Delaney Nolan is an environmental reporter based in New Orleans.
Segment Transcript
[MUSIC PLAYING] FLORA LICHTMAN: Hey, it’s Flora, and you are listening to Science Friday. Paraquat is a herbicide widely used in agriculture. It’s toxic. It’s been linked to Parkinson’s, and it’s been banned in over 70 countries. But not here. In fact, its use here is on the rise.
One of the plants in the US that processes paraquat is in Wayne County in southeastern Mississippi. And according to a startling piece of reporting from my next guest, the plant is leaking large amounts of paraquat into the air. Here to tell us more is environmental reporter, Delaney Nolan, who reported the story for The Lens and the Mississippi River Basin Ag & Water Desk. Delaney, thanks for being here.
DELANEY NOLAN: Thanks so much for having me. I love Science Friday.
FLORA LICHTMAN: Oh, thanks. Take us to this plant in Mississippi. Where is it? What does it do?
DELANEY NOLAN: Yeah, this is a plant in Waynesboro, Mississippi, which is a small, quite rural town. And at this plant, they formulate and repackage paraquat. So paraquat is this cheap, super toxic, what they call burn-down agent herbicide. So we don’t make paraquat in the United States anymore. Now, it is mostly made in China or the UK, and it’s imported to the US.
FLORA LICHTMAN: Where it’s banned, right?
DELANEY NOLAN: Where it’s banned. It’s banned in China. It’s banned in the UK. It’s banned in EU. It’s banned in Brazil. It’s banned in more than 70 countries because it is, again, so poisonous.
FLORA LICHTMAN: So what is the plant doing exactly?
DELANEY NOLAN: So they take this chemical, paraquat, and they add some other little chemicals and additives, and then they repackage it. They are turning it into a product that then gets distributed and sold to farmers.
FLORA LICHTMAN: So what did you find in terms of emissions?
DELANEY NOLAN: Yeah. So paraquat is not technically considered an air pollutant. So it’s not something like ozone that’s regulated by the federal government and says, hey, if your facility emits over a certain amount of this, you have to get a permit.

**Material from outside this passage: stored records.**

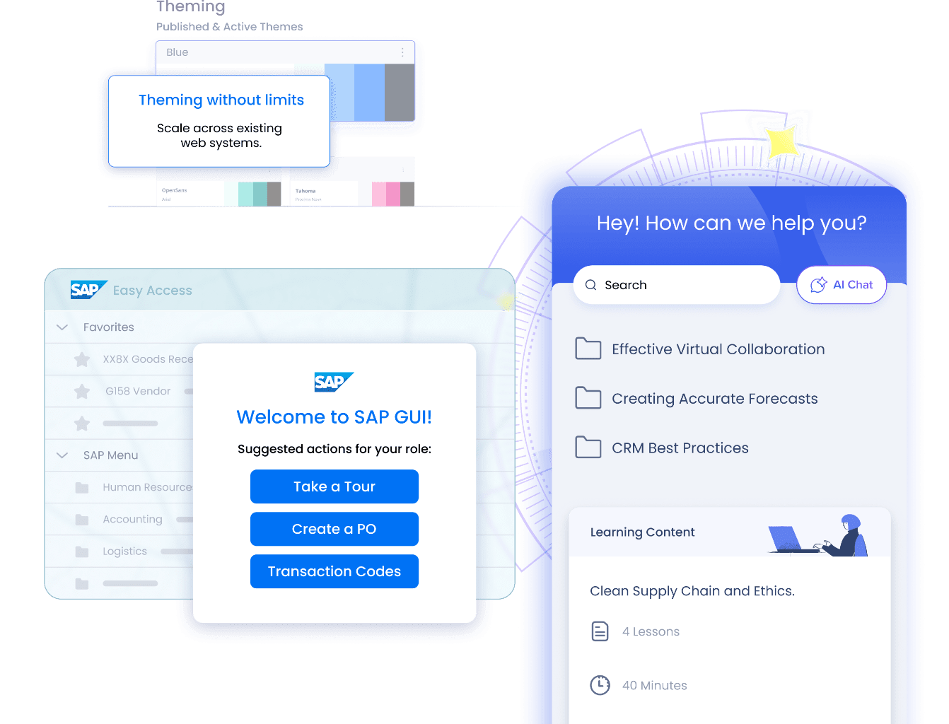 Discover how WalkMe’s all-new digital learning solution transforms how employees learn, grow, and build lasting proficiency—right where work happens. Plus, see what’s new for digital adoption, including more powerful desktop guidance building for SAP GUI, expanded Theming, and more flexible Contextual AI Assistance to help teams scale and personalize guidance with ease.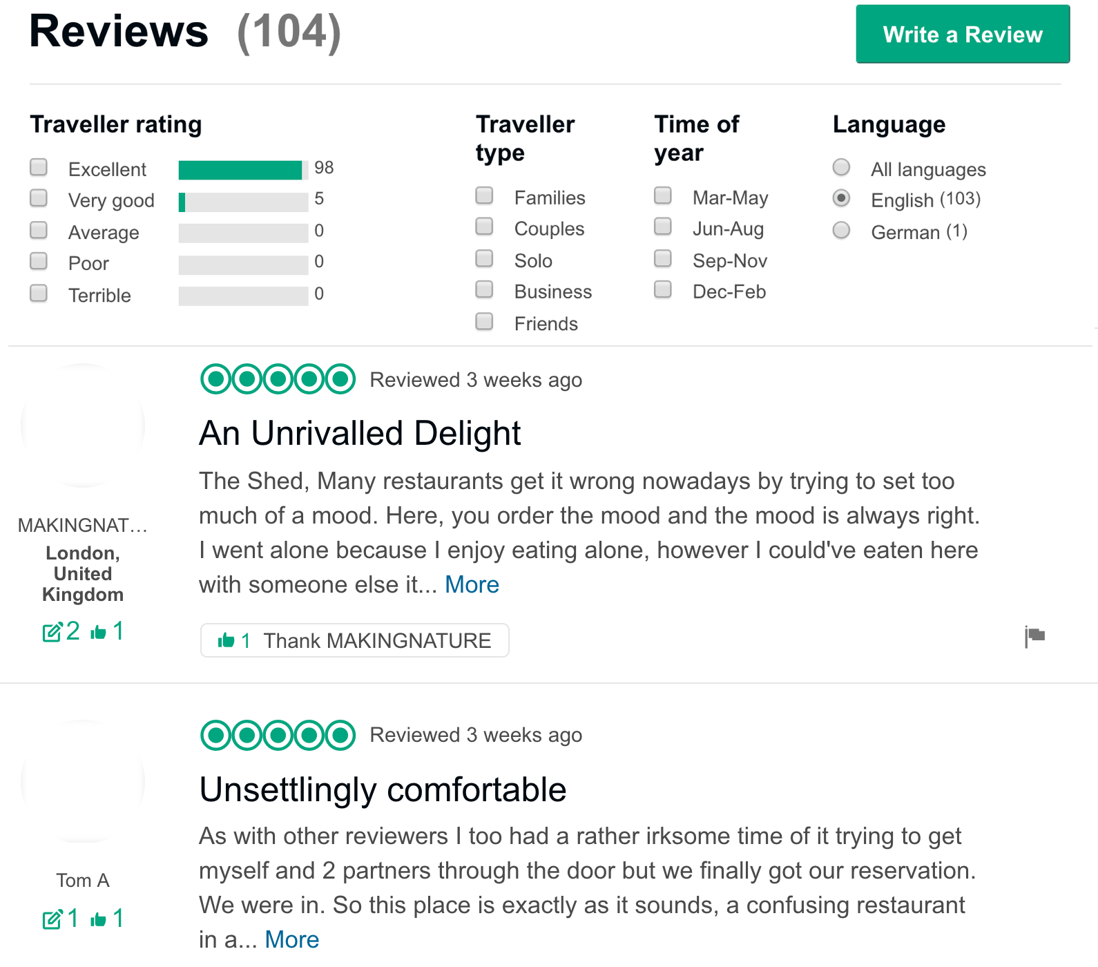 雖然「杜維琪的棚子」已經被TripAdvisor下架了,但是大家還可以從頁庫存檔中找到相關頁面,上頭也能找到巴特勒一行人留下的各種假評論。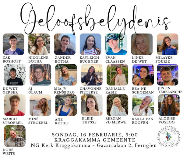 Wie is ons? 7 Jackie van Heerden & Tania Crous 8 Belydenisklas van 2024 9 Christoff van der Merwe 10 Dirk Kotze & Petro Vlok 11 Toit Wessels & Erika Marais |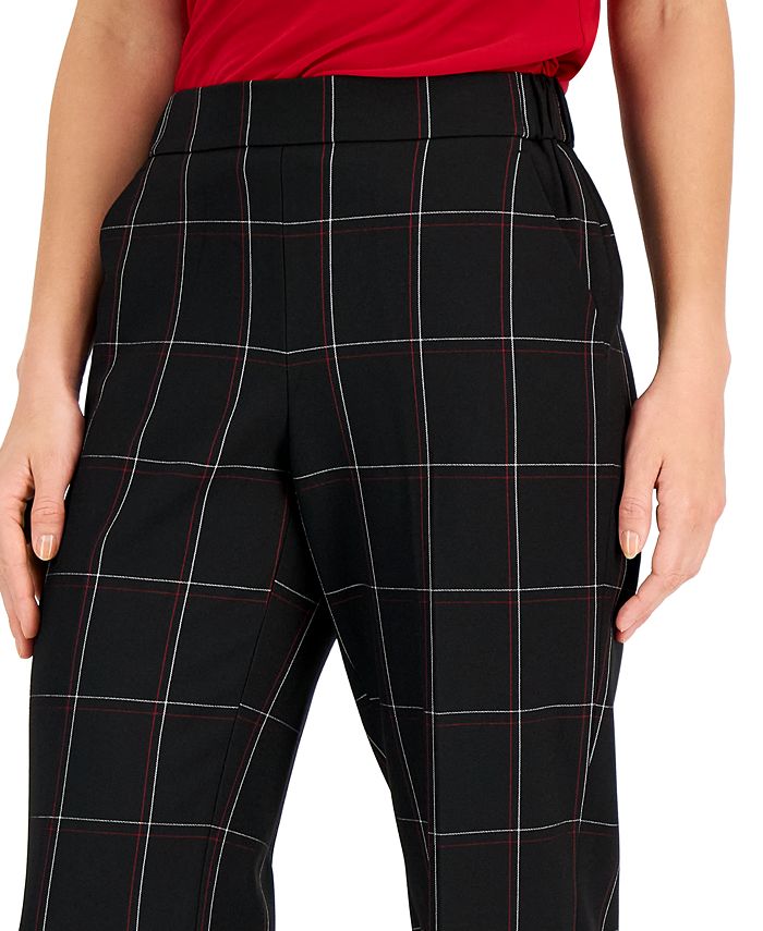 Perfectly polished plaid lends an effortlessly sophisticated finish to these classically tailored pants by Kasper; pair with the matching blazer for an always boardroom-ready look.
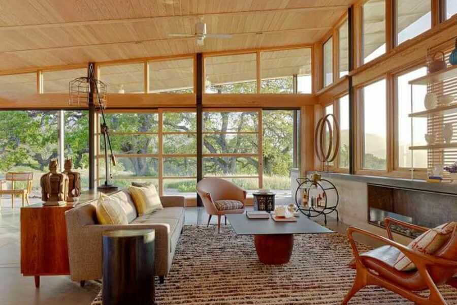Do đó, phần lớn những ngôi nhà sử dụng phong cách thiết kế này đều sẽ sử dụng các cửa sổ có kích thước lớn, đặt sát với sàn và trần nhà.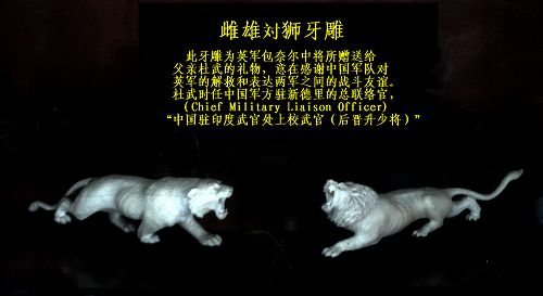 據悉,此次捐贈儀式交接的一對印度象牙精雕的雌雄獅子,是1943年由英軍元帥蒙巴頓的辦公室主任鮑威爾中將贈送給杜武將軍的私人禮物,意在感謝中國遠征軍于1942年4月在緬甸仁安羌解救7000名被日軍包圍幾乎彈盡糧絕的英緬軍官兵和500名西方國家的記者、教師和傳教士。這對牙雕曾輾轉于印度,重慶,南京,渥太華,卡爾加里。歷經68年的蹉跎歲月,如今由侵華日軍南京大屠殺遇難同胞紀念館收藏并展出。這對牙雕是中國抗戰(zhàn)史上非常稀有的歷史文物,是中國遠征軍英勇作戰(zhàn),解救英軍的歷史佐證,具有較高的歷史價值。(許嘉明)

Instead, paraquat is a toxic chemical. That means it’s regulated by something called the Toxics Release Inventory, which, basically, is this publicly available database where a little over 600 different toxic chemicals are tracked just to keep people informed. So it’s not saying how much you’re allowed to release, but a community can look up what’s around them and what chemicals are being released in the air.
So I was able to see all the releases of paraquat that have been reported in the last about 10 years. And this facility in Waynesboro, Mississippi is way out above the rest and the amounts that it is emitting. So I’ll give you a little bit of comparison.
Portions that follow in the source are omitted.